The data formats are described in depth in the JDK documentation. There are three basic formats being dealt with:

  • Zip archives
  • An HTTP header like format for archive manifests and signatures
  • PKCS#7 detached signature in DER format


Signing clients

signing-clients is just a simple library for generating, parsing, and formatting the manifest and signature file formats.


The actual signing service. This is the same code base as the receipt signing service but runs in a separate process space to provide a degree of separation between app signing, receipt signing, and addon signing credentials.

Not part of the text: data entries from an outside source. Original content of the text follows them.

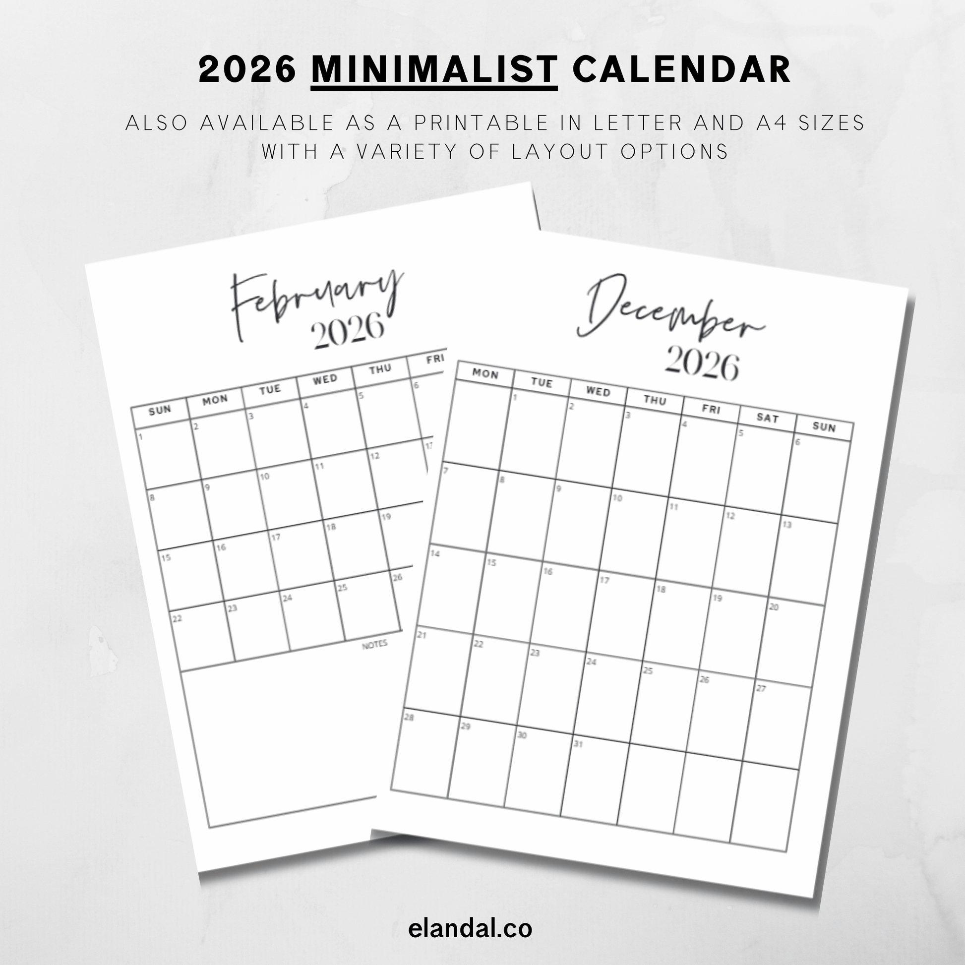 2026 Print Minimal Full Page Vertical Calendar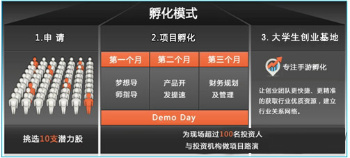 欢迎高校大学生游戏创业团队报名加入“大学生移动游戏创业基地”前来了解“孵化器招募计划”。
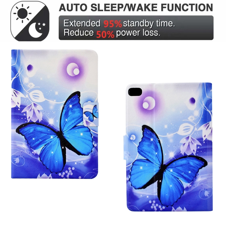 Estuche de Tableta Cuero Inteligente TPU para iPad 5/6/8/9 Prensado Eléctrico (Mariposa Azul)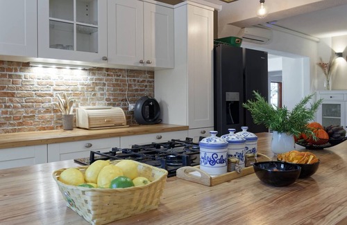 Beautifully designed kitchen is fully equipped with a kitchen island, stove and an oven, microwave, fridge with ice machine, water kettle, coffee machine, toaster and a dishwasher and an access to the pool view terrace with dining table and chairs for 12 people. Dining room has a dining table and chairs (sits 12 people) big sofa with relax area and flat screen SAT TV. The entire villa is air conditioned, WiFi is free and available throughout the property. Secure, private parking is free, available in front of the villa.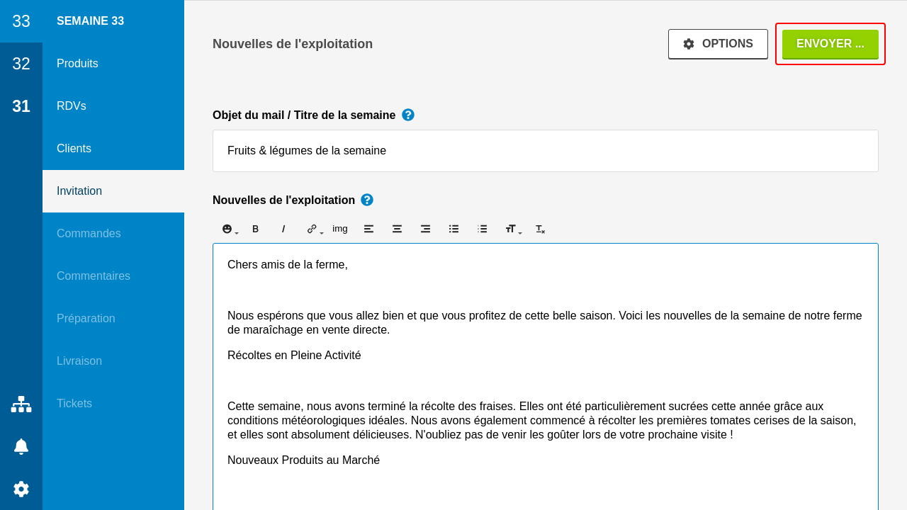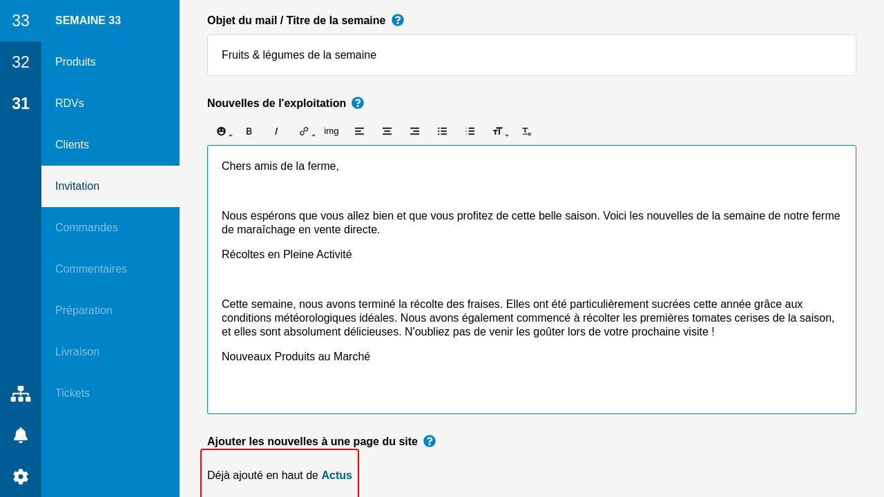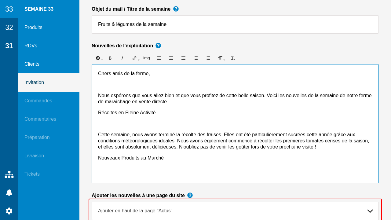 Les semaines suivantes, vous pouvez automatiquement ajouter ce que vous écrivez dans "Nouvelles de l'exploitation" sur cette page ou sur une autre page de votre choix.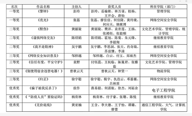 学校开展了以“树牢总体国家安全观 弘扬爱国主义精神”为主题的第五届短视频大赛,鼓励广大师生、校友用独特的视角进行视频创作,创意诠释安全理念与安全文化。本次大赛通过专家评审,经“平安成信”短视频大赛组委会审核,我院荣获:两个二等奖、一个优秀奖、一个最佳人气奖、团体优秀组织奖。
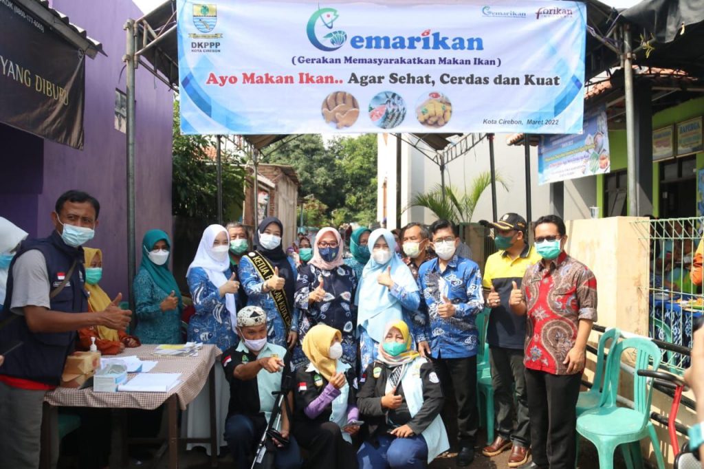 CIREBON - Pemerintah Daerah (Pemda) Kota Cirebon melalui Dinas Ketahanan Pangan, Pertanian dan Perikanan (DKPPP) sosialisasi gemar makan ikan, di Baperkam RW 10, Kelurahan Karyamulya, Kecamatan Kesambi, Jumat (25/3/2022).

Zamboni, packaged app handling specifically

Zamboni is responsible for receiving and storing an uploaded application archive, generating manifest and signature files for it via the signing-clients library, requesting a signature from the trunion signing service, and creating a new signed application archive containing the additional three files.


POST http
//<endpoint-url>/sign_addon OR http://<endpoint-url>/sign/addon :
  • This takes two arguments:
    • the archive's signature file as multipart/form-data as an input with the name "file" with a filename included.
    • the app id for this XPI at this version.
  • It then returns a PKCS#7 detached signature of the uploaded content in a JSON object with a single key and value pair. The key is the uploaded content's specified filename with its extension(".sf") replaced with ".rsa". The value is a base64 encoded representation of the PKCS#7 data.

Example request

POST /1.0/sign_addon HTTP/1.1
Host: localhost:5000
Content-Length: 306
Content-Type: multipart/form-data; boundary=df8e3fdaf425408e956aff8ca19d0263
Accept-Encoding: gzip, deflate, compress
Accept: */*
User-Agent: python-requests/0.14.2 CPython/2.7.1 Darwin/11.4.2

Content-Disposition: form-data; name="id"
Content-Type: text/plain
Content-Disposition: form-data; name="file"; filename="zigbert.sf"
Content-Type: application/octet-stream

Signature-Version: 1.0
MD5-Digest-Manifest: PTUbaADVign9DDK3ntq9ww==
SHA1-Digest-Manifest: FkVPRYqW9UT8kcbm8VS08TIWsH4=


Example response

Response body truncated for brevity.

HTTP/1.0 200 OK
Server: PasteWSGIServer/0.5 Python/2.6.8
Date: Wed, 01 Oct 2014 20:43:05 GMT
Content-Type: application/json; charset=UTF-8
Content-Length: 3607

{"zigbert.rsa": "MIIKfQYJKoZIhvcNAQcCoIIKbjCCCmoCAQExCzAJBgUrDgMCGgUAMAsGCSq...=="}

HTTP response codes

200 OK 
The request was processed successfully and the server is returning a PKCS#7 signature
400 Bad request 
The request body was incorrectly formatted
401 Unauthorized 
The authentication credentials are invalid. At the moment authorization consists of a simple whitelist of IPs. In the future this may be used to indicate a BrowserID or other authentication mechanism has failed or the credentials are not authorized to use the service.
409 Conflict 
A certificate has already been generated for the app id provided
503 Service Unavailable 
Indicates that the server(s) are undergoing maintenance.